TASK ITEM: Repeat the listing exactly. Do not carry over any pictures.

### SOURCE DATA

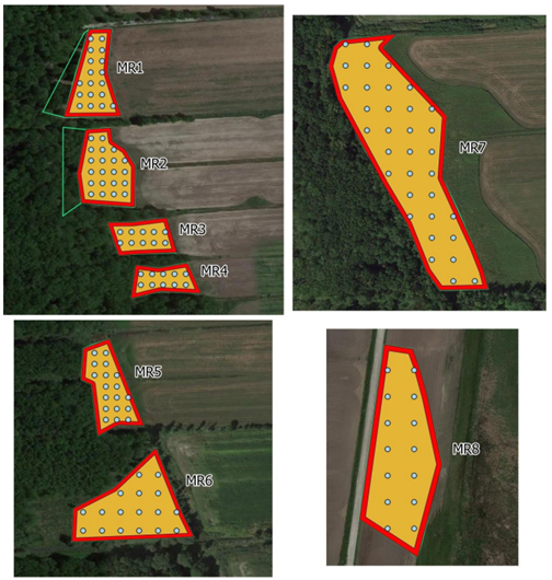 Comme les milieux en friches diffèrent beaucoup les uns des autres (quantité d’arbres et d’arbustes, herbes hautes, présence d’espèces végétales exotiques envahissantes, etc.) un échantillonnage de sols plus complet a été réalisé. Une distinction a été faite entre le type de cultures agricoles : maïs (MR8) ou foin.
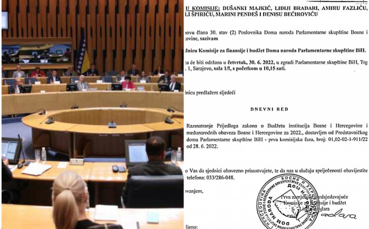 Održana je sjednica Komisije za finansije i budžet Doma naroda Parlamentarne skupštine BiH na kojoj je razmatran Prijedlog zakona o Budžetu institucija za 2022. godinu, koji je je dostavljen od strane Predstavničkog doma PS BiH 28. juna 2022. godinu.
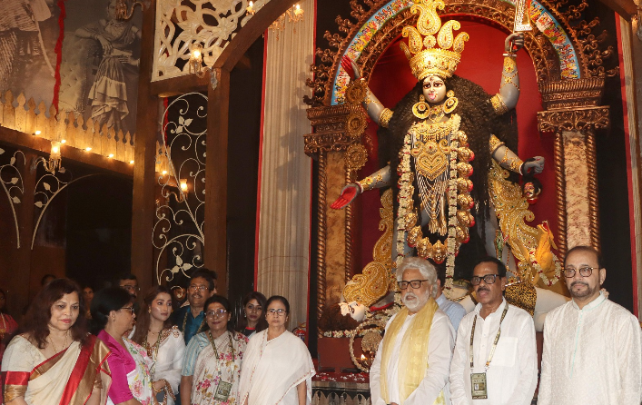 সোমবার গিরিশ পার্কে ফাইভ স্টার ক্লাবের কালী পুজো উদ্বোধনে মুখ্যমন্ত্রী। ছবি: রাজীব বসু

######

SOLVED PROBLEM:
 Comme les milieux en friches diffèrent beaucoup les uns des autres (quantité d’arbres et d’arbustes, herbes hautes, présence d’espèces végétales exotiques envahissantes, etc.) un échantillonnage de sols plus complet a été réalisé. Une distinction a été faite entre le type de cultures agricoles : maïs (MR8) ou foin.
 Održana je sjednica Komisije za finansije i budžet Doma naroda Parlamentarne skupštine BiH na kojoj je razmatran Prijedlog zakona o Budžetu institucija za 2022. godinu, koji je je dostavljen od strane Predstavničkog doma PS BiH 28. juna 2022. godinu.
 সোমবার গিরিশ পার্কে ফাইভ স্টার ক্লাবের কালী পুজো উদ্বোধনে মুখ্যমন্ত্রী। ছবি: রাজীব বসু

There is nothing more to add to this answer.